| What this task involves |
Starting at the line below that contains "This shimmery acrylic" and ending at the line that contains "- For nuclear", retype each line exactly as it stands, but omit the pictures.

==== Given records ====

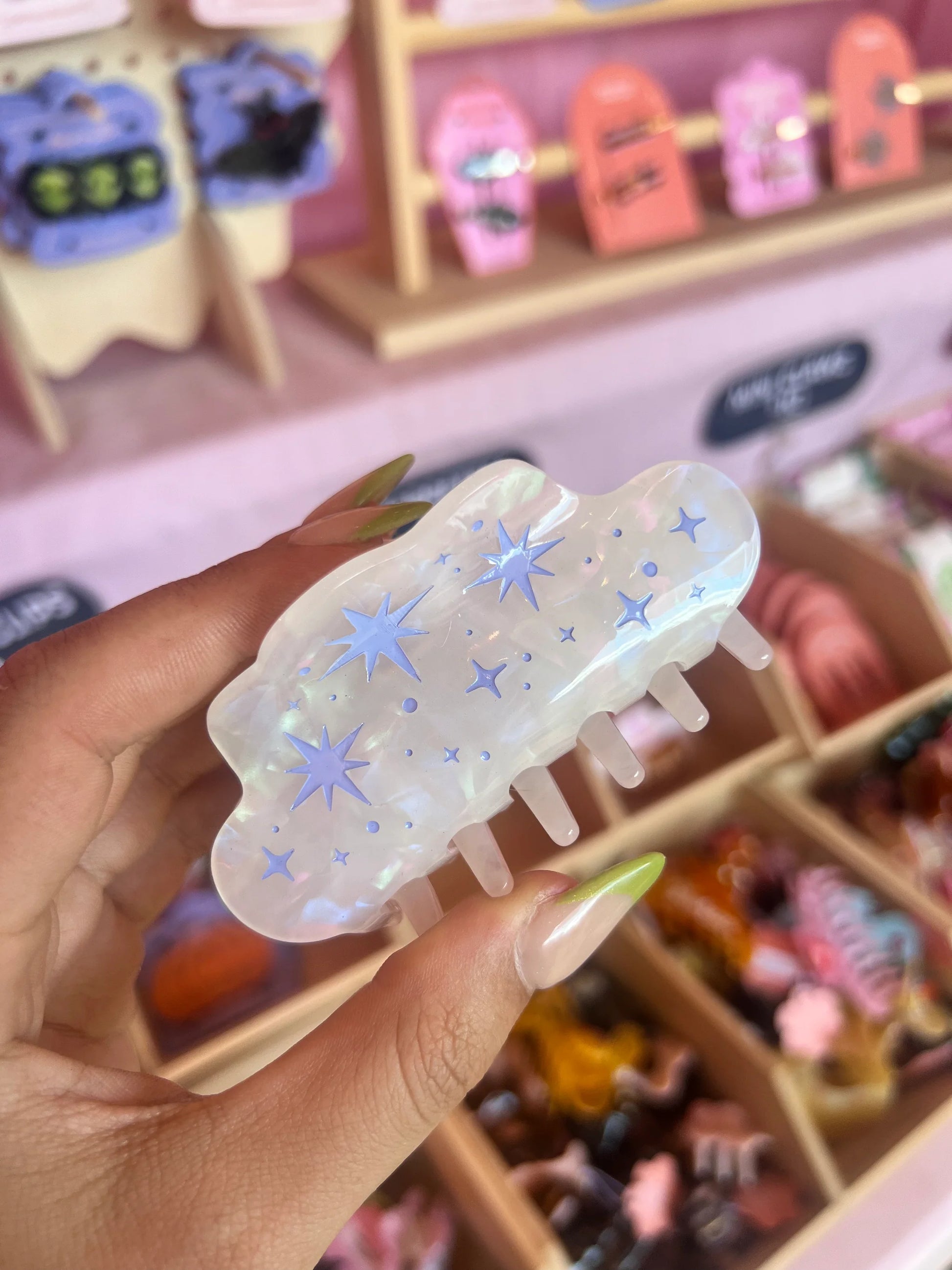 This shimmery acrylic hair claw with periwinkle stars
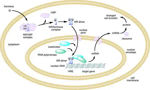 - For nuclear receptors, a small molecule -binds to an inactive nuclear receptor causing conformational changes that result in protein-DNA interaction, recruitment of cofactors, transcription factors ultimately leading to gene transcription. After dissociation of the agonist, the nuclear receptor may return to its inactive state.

====
==== Given records ====

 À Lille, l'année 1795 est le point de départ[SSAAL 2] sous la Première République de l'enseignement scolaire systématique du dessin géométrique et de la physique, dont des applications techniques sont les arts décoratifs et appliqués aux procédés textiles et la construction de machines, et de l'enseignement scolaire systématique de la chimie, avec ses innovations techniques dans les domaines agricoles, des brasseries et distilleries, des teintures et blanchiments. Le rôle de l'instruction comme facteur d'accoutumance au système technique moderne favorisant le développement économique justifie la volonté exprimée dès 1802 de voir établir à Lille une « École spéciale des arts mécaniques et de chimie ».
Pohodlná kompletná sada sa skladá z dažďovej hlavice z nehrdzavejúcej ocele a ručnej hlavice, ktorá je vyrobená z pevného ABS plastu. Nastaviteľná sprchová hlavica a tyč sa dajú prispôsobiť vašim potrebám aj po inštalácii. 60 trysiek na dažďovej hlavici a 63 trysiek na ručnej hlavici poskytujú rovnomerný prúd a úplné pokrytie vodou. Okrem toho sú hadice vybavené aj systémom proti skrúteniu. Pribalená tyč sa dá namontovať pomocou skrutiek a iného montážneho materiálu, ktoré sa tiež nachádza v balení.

====

| Solution to this problem |
 This shimmery acrylic hair claw with periwinkle stars
 - For nuclear receptors, a small molecule -binds to an inactive nuclear receptor causing conformational changes that result in protein-DNA interaction, recruitment of cofactors, transcription factors ultimately leading to gene transcription. After dissociation of the agonist, the nuclear receptor may return to its inactive state.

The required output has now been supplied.